Hi Steve,
Steve Howe wrote:
> Wednesday, March 22, 2006, 1:38:50 PM, you wrote:
>> 2) string formatting in Python was the other problem. The major bottleneck in
>> tree setup in bench.py was the python function that builds the element names
>> based on loop variables (PyString_Format). Meaning, the bottleneck was
>> /outside/ the tested code this time.
>
> I wonder if running the same tests on cElementTree would point similar
> results in what concerns to the Python function calls.
Go ahead, try, using KCachegrind is pure fun! :)
> Do you have any results (or impressions) on this ?
I didn't check, but I don't think it suffers so much from Python performance.

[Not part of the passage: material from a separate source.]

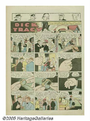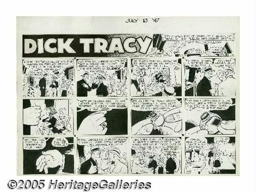 <B>Chester Gould - Dick Tracy Sunday Comic Strip Original Art, dated 7-13-47 (Chicago Tribune, 1947).</B></I> Once again, Dick Tracy proved he had the Sharper Image on crimefighting with his new gimmick, the "Dick Tracy ring-camera!" Chester Gould filled his feature with a panoply of hi-tech gadgets, goodies such as the two-way wrist radio, the space coupe, and the atomic light. In this charming Sunday, Dick used his new toy to take a group portrait of B.O.Plenty and Gravel Gertie with their newborn baby, Sparkle Plenty. The image area of the strip is 27" x 18". Each panel of the Sunday was glued to a larger support page; otherwise the art is in Excellent condition. A tear sheet of the strip, printed in a tabloid format is included in this lot.<I>From the collection of Larry Doucet.</B></I>

As Fredrik said, cElementTree builds Python objects on the way in, so all you
should see when /accessing/ data is Python's call overhead rather than any
substantial calculations.
I think that's totally the right optimization, but it is difficult to do
something similar in lxml, since we also get entire trees from the parser. It
wouldn't be a good idea to traverse them to build Python objects - we don't
even know if they would be used. All we could do is cache Python objects once
they were built. The Proxy mechanism would be the right place to keep
references to text and tag objects. Also, you could to change the current way
Python element proxies are deallocated to keep them alive as long as any of
them is really used. But that's non-trivial.
Anyway, to make me implement that, I would really have to be convinced that
it's worth it - and I absolutely don't see enough of a speed-up behind these
optimizations to encourage such a huge effort. Especially the text and tag
properties are bound by call overhead, not by object creation time.
Stefan